*** Opening EXCERPTED RECORDS ***

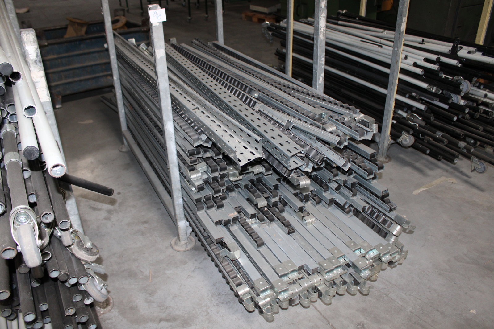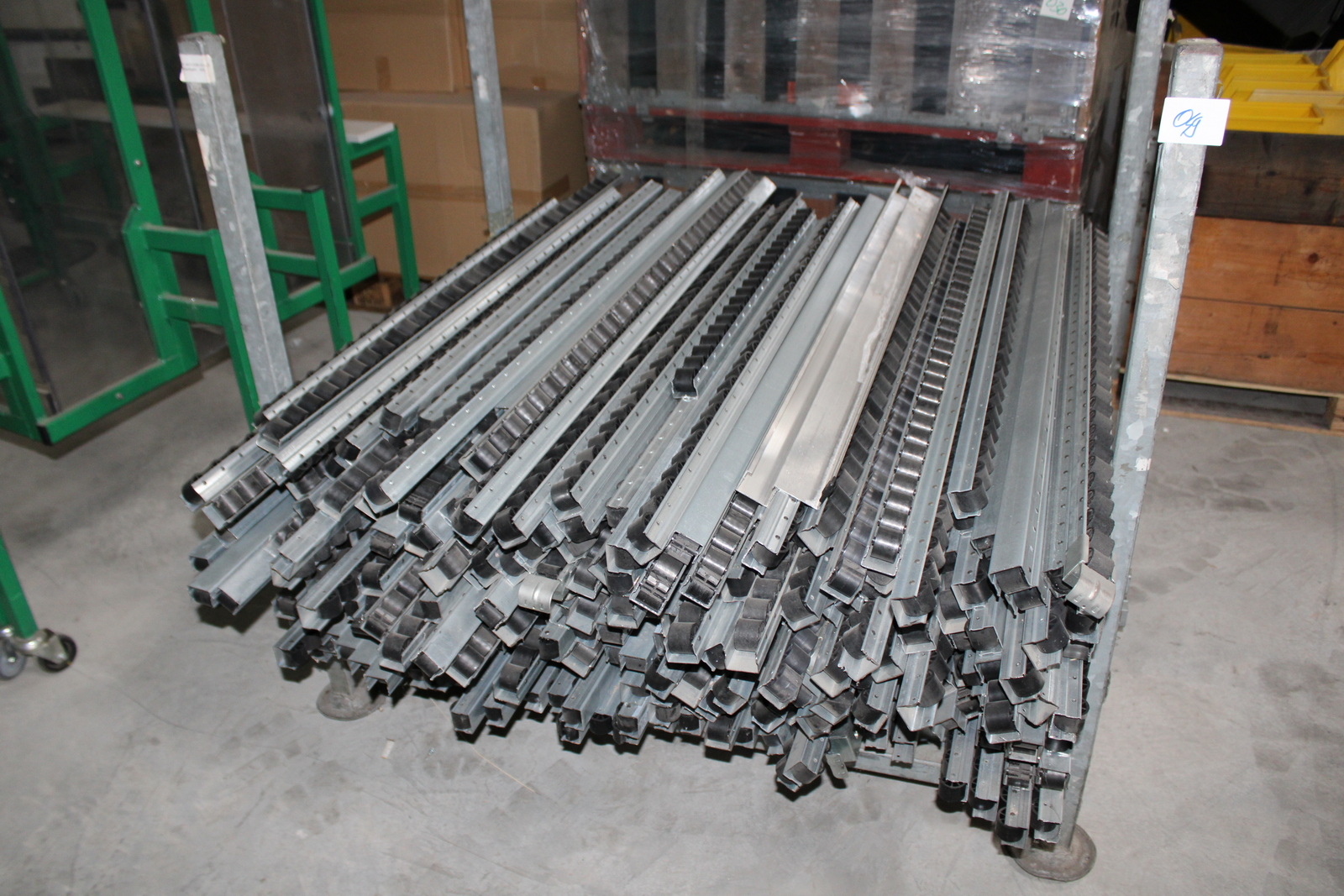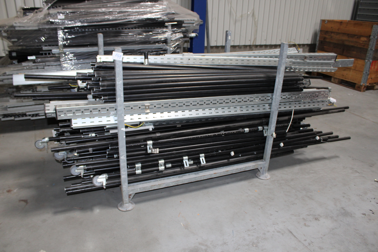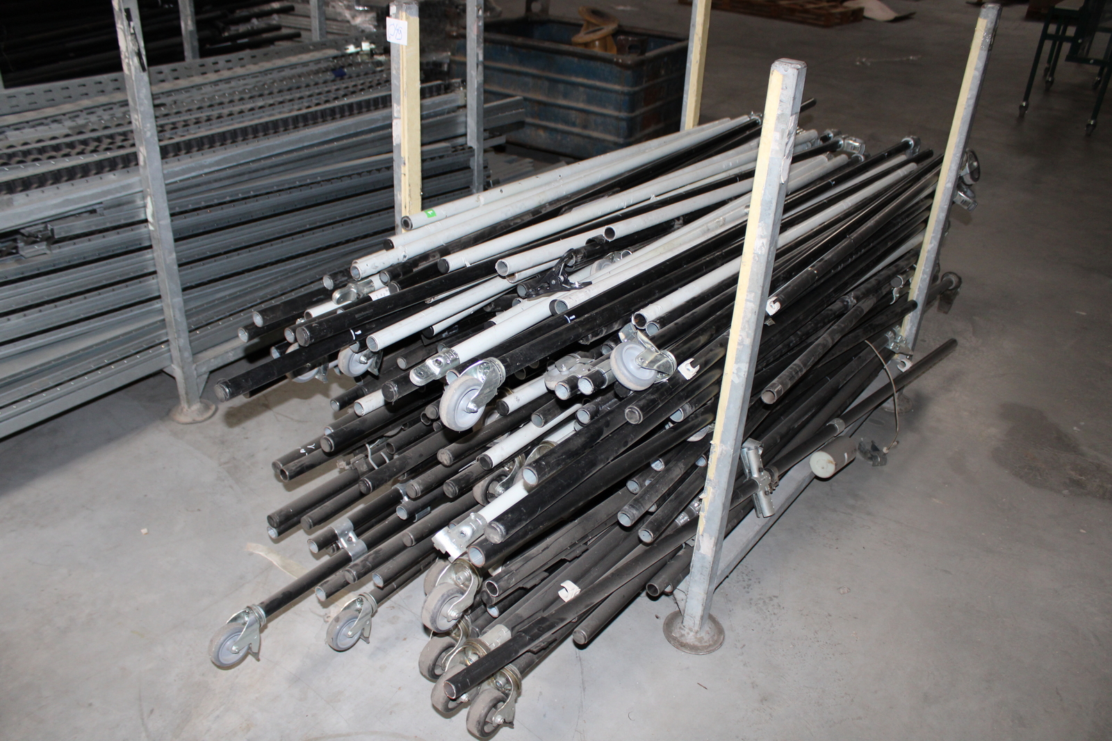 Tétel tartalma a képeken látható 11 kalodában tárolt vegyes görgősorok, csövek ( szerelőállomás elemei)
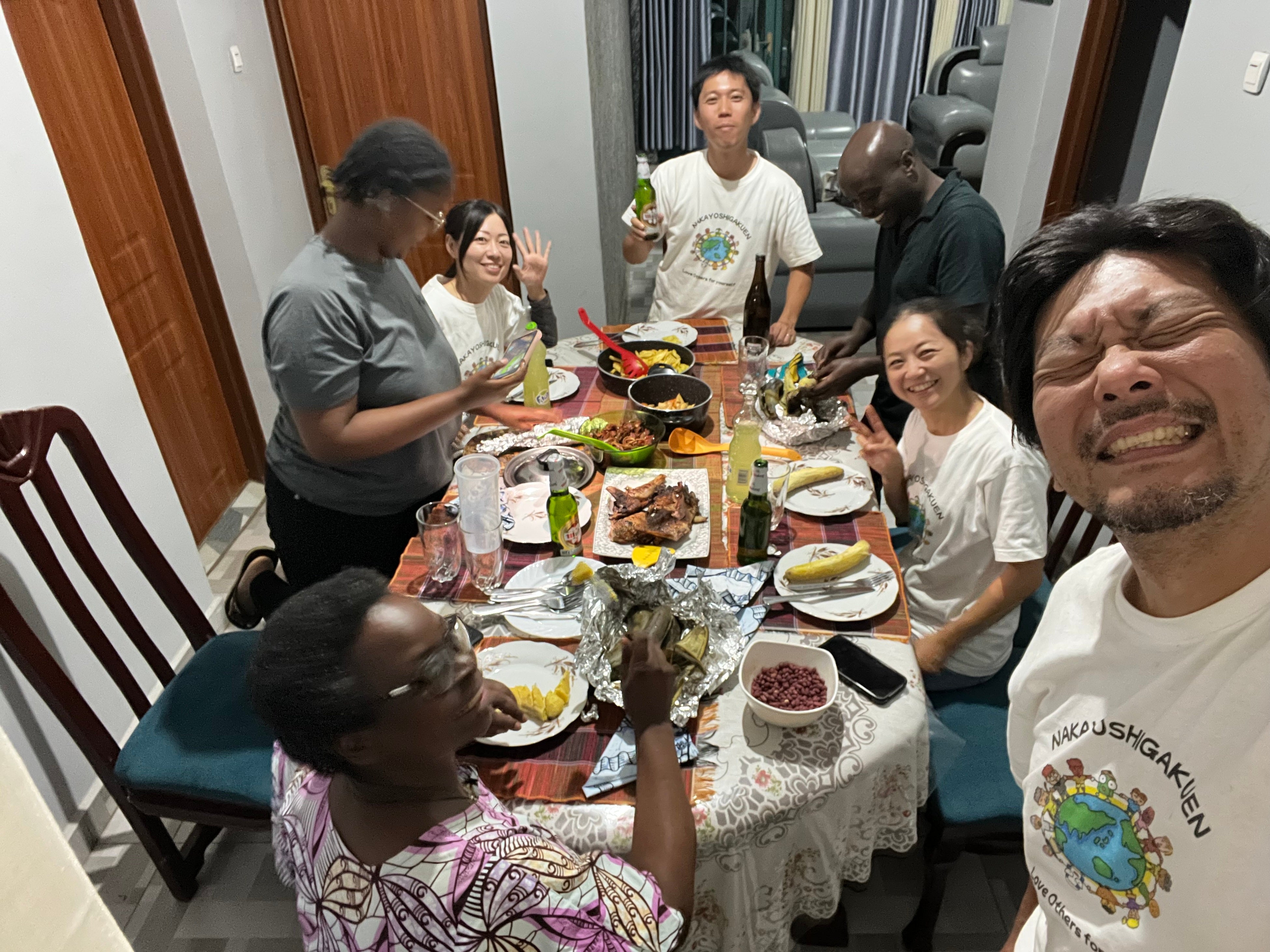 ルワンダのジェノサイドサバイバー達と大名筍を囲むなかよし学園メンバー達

*** Closing EXCERPTED RECORDS ***
*** Opening EXCERPTED RECORDS ***

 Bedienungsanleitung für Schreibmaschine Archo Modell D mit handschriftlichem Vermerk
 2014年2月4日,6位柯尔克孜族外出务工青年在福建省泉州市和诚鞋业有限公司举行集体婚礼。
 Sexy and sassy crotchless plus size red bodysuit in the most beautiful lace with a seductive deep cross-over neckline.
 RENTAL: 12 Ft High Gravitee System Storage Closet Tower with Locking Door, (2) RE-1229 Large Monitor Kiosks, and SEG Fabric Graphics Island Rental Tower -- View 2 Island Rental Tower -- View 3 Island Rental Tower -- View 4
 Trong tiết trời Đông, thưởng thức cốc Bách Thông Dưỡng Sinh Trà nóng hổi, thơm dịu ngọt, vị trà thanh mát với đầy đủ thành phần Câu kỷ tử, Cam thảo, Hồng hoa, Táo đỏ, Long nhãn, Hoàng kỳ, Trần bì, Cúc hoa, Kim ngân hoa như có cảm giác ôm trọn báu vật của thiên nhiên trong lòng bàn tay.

*** Closing EXCERPTED RECORDS ***

• [PROBLEM REQUIREMENTS]
Each line above starting at the one holding "Tétel tartalma a" and ending at the one holding "ルワンダのジェノサイドサバイバー達と大名筍を囲むなかよし学園メンバー達" should be set down exactly as it stands, both ends included, with no pictures.

• [WRITTEN RESPONSE]
 Tétel tartalma a képeken látható 11 kalodában tárolt vegyes görgősorok, csövek ( szerelőállomás elemei)
 ルワンダのジェノサイドサバイバー達と大名筍を囲むなかよし学園メンバー達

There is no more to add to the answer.